#### Problem description:
Set down every entry exactly as given. Pictures are to be left out.

#### Supplied entries:

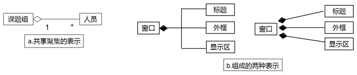 聚集可以进一步划分成共享聚集(Share Aggregation)和组成(Composition)。例如,课题组包含很多成员,而每个成员又可以是另一个课题组的成员,即部分可以参加多个整体,称为共享聚集。另外一 种情况是整体拥有各部分,部分与整体共存,如整体不存在了,部分也会消失,称为组成。
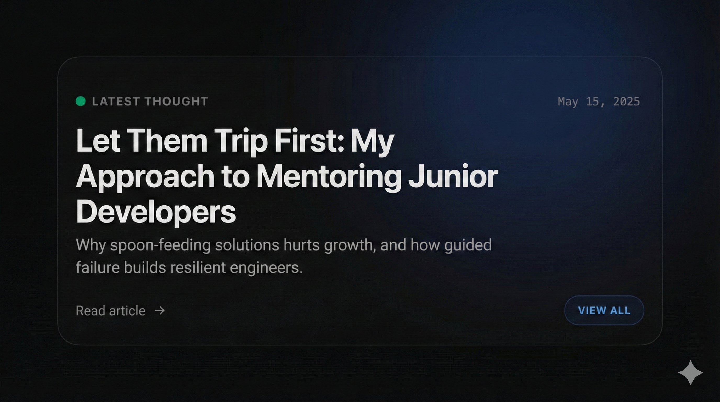A firsthand look at how I give new developers just enough rope to explore, make mistakes, and emerge stronger without letting the project burn down.
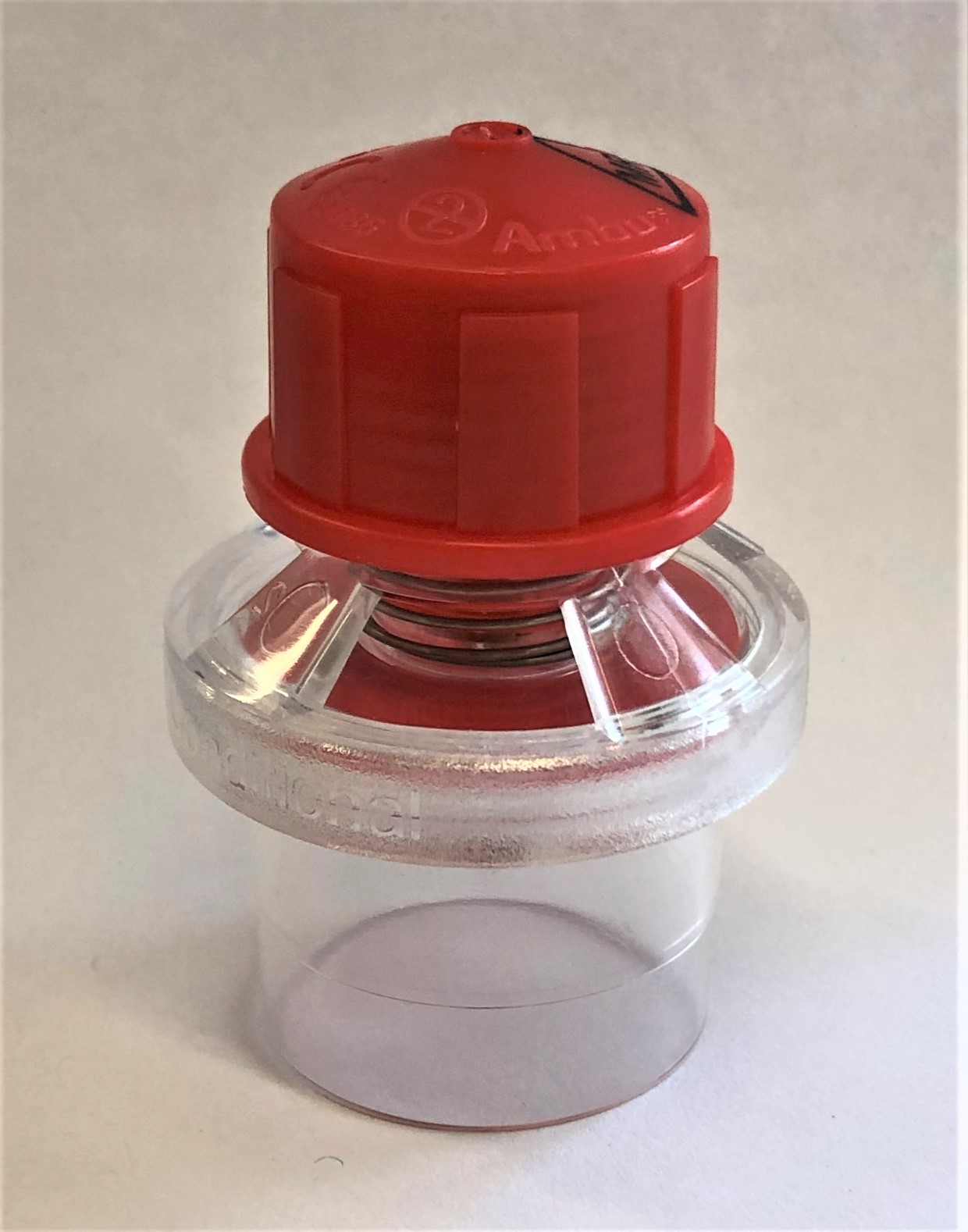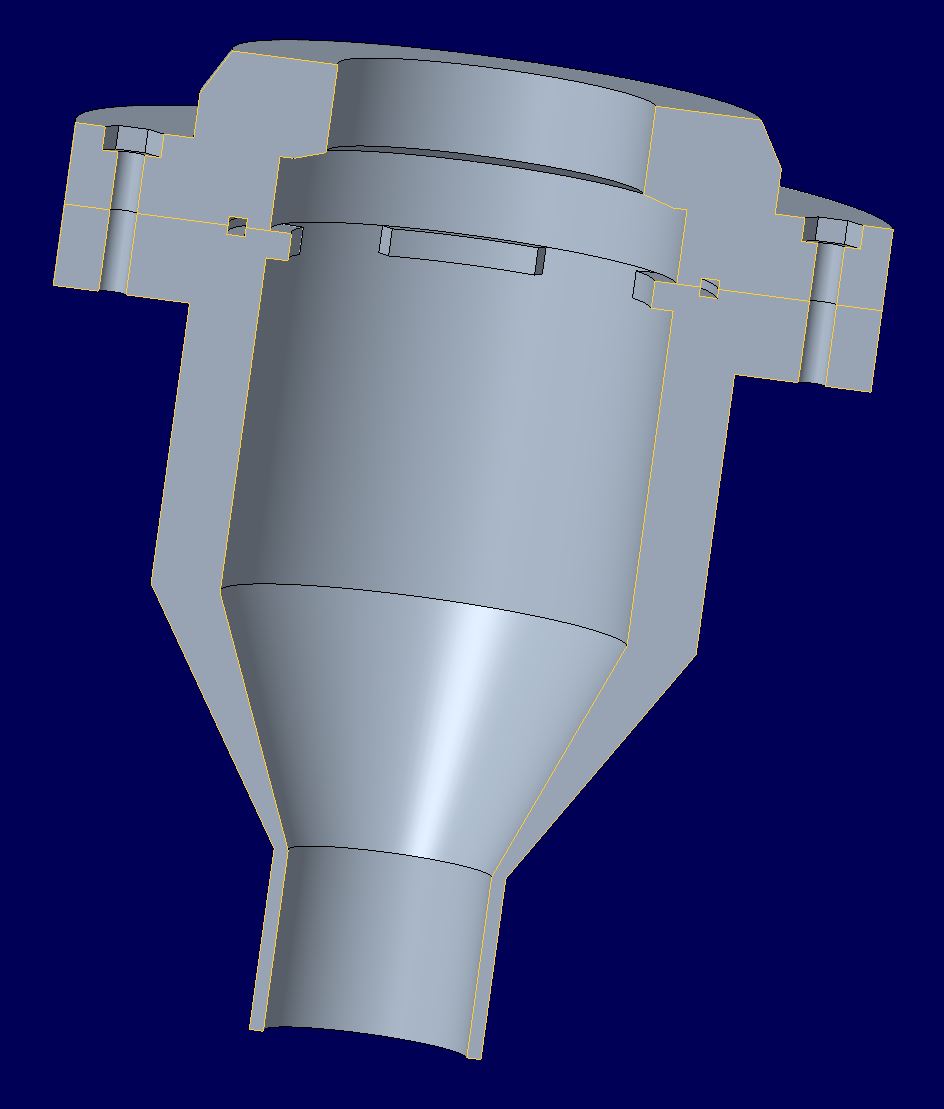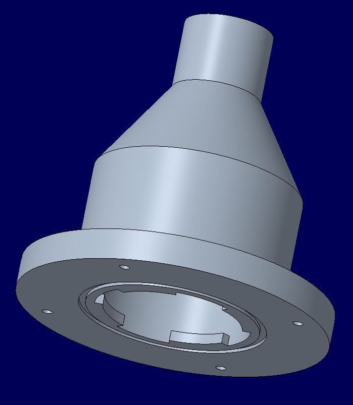 Umbau PEEP Valve Im Beatmungsgerät wird auch unter anderem ein Unterdruck-Sicherheitsventil von der Firma Ambu zum Einmalgebrauch verbaut. Es handelt sich hierbei um ein positiv endexpiratorisches Druckventil, das speziell für Beatmungsgeräte geeignet ist. Es soll verhindern, dass im Gesamtsystem ein Unterdruck herrscht. Diese Funktion jedoch soll umgekehrt werden, da der Druck vorab eingestellt wird. Aus diesem Grund wird ein 3D-Druck-Teil für den Umbau des Ventils benötigt. ![]() Abb.: Ambu Unterdruck-Sicherheitsventil Konstruktionsentwurf Aufgrund der gegeben Bauform des Unterdruck-Sicherheitsventils (PEEP Ventil), muss der Umbau aus zwei Teilen bestehen, die daraufhin miteinander verbunden werden müssen. Nach Einstellen des Druck mittels Drehen des roten Knopfs, wird Teil 1 der Konstruktion darüber gestülpt. Oben befindet sich eine Passung mit einem Außendurchmesser von 25,5 mm und einem Innendurchmesser von 22,4 mm mit der das Bauteil an einen HME-Filter angeschlossen werden kann. Teil 1 besitzt außerdem nach innenliegende Laschen, die sich den Zwischenräumen des PEEP Ventils anpassen, um ein Verschieben des gesamten Umbaus zu vermeiden. Das Gegenstück zu Teil 1 passt sich der Form des Ventils an und liegt an der dessen leicht schrägen Kante auf. Beide Teile besitzen eine Nut für einen O-Ring mit dem Durchmesser 50 mm und der Dicke 2 mm, um eine dichte Verbindung zu schaffen. Die Verbindung beider Bauteile wird mittels vier M3-Schrauben geschaffen. Hierfür werden in Teil 1 vier Durchgangslöcher mit einem Durchmesser von 3 mm vorgesehen und im Gegenstück vier Vertiefungen für 5,6 mm Sechskantmuttern. Die Gesamthöhe der Konstruktion liegt bei 106 mm wobei der äußerste Durchmesser 90 mm beträgt.
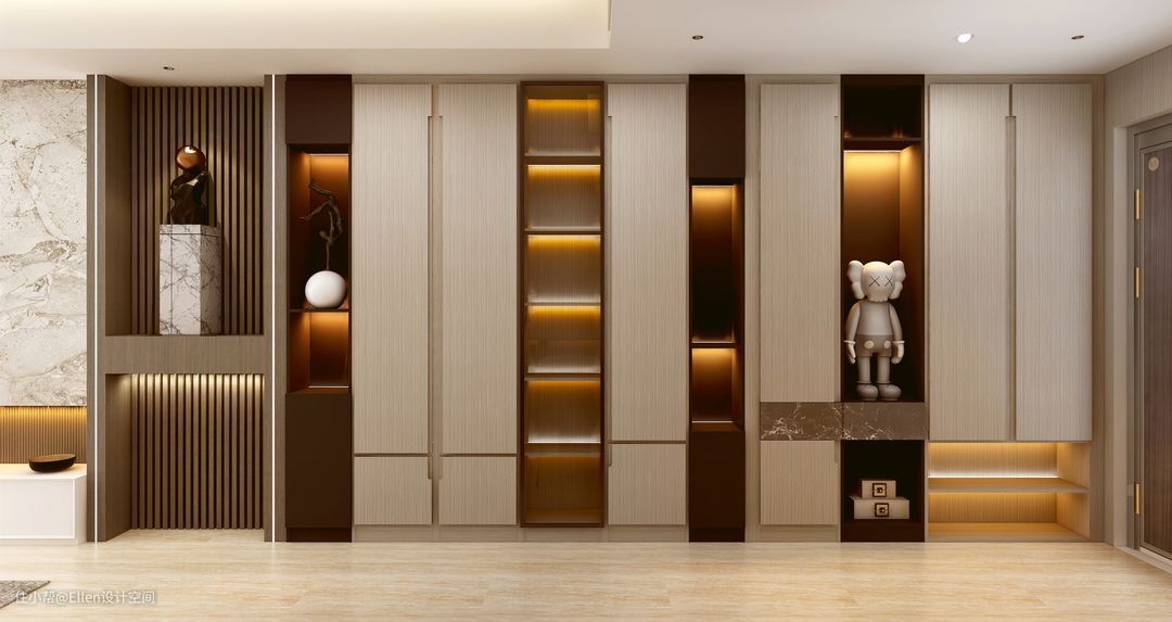 跟入户玄关鞋柜相结合,设计一排储物功能强大的储物柜兼具酒柜,与旁边的装饰造型相结合,美观灵动。
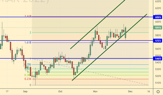 Сценарий роста: рассматриваем мартовский фьючерс, дата экспирации 14 марта. Продолжаем держать лонги с целью на 600.0. Кукуруза смотрится сильно после роста в пятницу.

#### Exercise solution:
 聚集可以进一步划分成共享聚集(Share Aggregation)和组成(Composition)。例如,课题组包含很多成员,而每个成员又可以是另一个课题组的成员,即部分可以参加多个整体,称为共享聚集。另外一 种情况是整体拥有各部分,部分与整体共存,如整体不存在了,部分也会消失,称为组成。
A firsthand look at how I give new developers just enough rope to explore, make mistakes, and emerge stronger without letting the project burn down.
 Umbau PEEP Valve Im Beatmungsgerät wird auch unter anderem ein Unterdruck-Sicherheitsventil von der Firma Ambu zum Einmalgebrauch verbaut. Es handelt sich hierbei um ein positiv endexpiratorisches Druckventil, das speziell für Beatmungsgeräte geeignet ist. Es soll verhindern, dass im Gesamtsystem ein Unterdruck herrscht. Diese Funktion jedoch soll umgekehrt werden, da der Druck vorab eingestellt wird. Aus diesem Grund wird ein 3D-Druck-Teil für den Umbau des Ventils benötigt. ![]() Abb.: Ambu Unterdruck-Sicherheitsventil Konstruktionsentwurf Aufgrund der gegeben Bauform des Unterdruck-Sicherheitsventils (PEEP Ventil), muss der Umbau aus zwei Teilen bestehen, die daraufhin miteinander verbunden werden müssen. Nach Einstellen des Druck mittels Drehen des roten Knopfs, wird Teil 1 der Konstruktion darüber gestülpt. Oben befindet sich eine Passung mit einem Außendurchmesser von 25,5 mm und einem Innendurchmesser von 22,4 mm mit der das Bauteil an einen HME-Filter angeschlossen werden kann. Teil 1 besitzt außerdem nach innenliegende Laschen, die sich den Zwischenräumen des PEEP Ventils anpassen, um ein Verschieben des gesamten Umbaus zu vermeiden. Das Gegenstück zu Teil 1 passt sich der Form des Ventils an und liegt an der dessen leicht schrägen Kante auf. Beide Teile besitzen eine Nut für einen O-Ring mit dem Durchmesser 50 mm und der Dicke 2 mm, um eine dichte Verbindung zu schaffen. Die Verbindung beider Bauteile wird mittels vier M3-Schrauben geschaffen. Hierfür werden in Teil 1 vier Durchgangslöcher mit einem Durchmesser von 3 mm vorgesehen und im Gegenstück vier Vertiefungen für 5,6 mm Sechskantmuttern. Die Gesamthöhe der Konstruktion liegt bei 106 mm wobei der äußerste Durchmesser 90 mm beträgt.
 跟入户玄关鞋柜相结合,设计一排储物功能强大的储物柜兼具酒柜,与旁边的装饰造型相结合,美观灵动。
 Сценарий роста: рассматриваем мартовский фьючерс, дата экспирации 14 марта. Продолжаем держать лонги с целью на 600.0. Кукуруза смотрится сильно после роста в пятницу.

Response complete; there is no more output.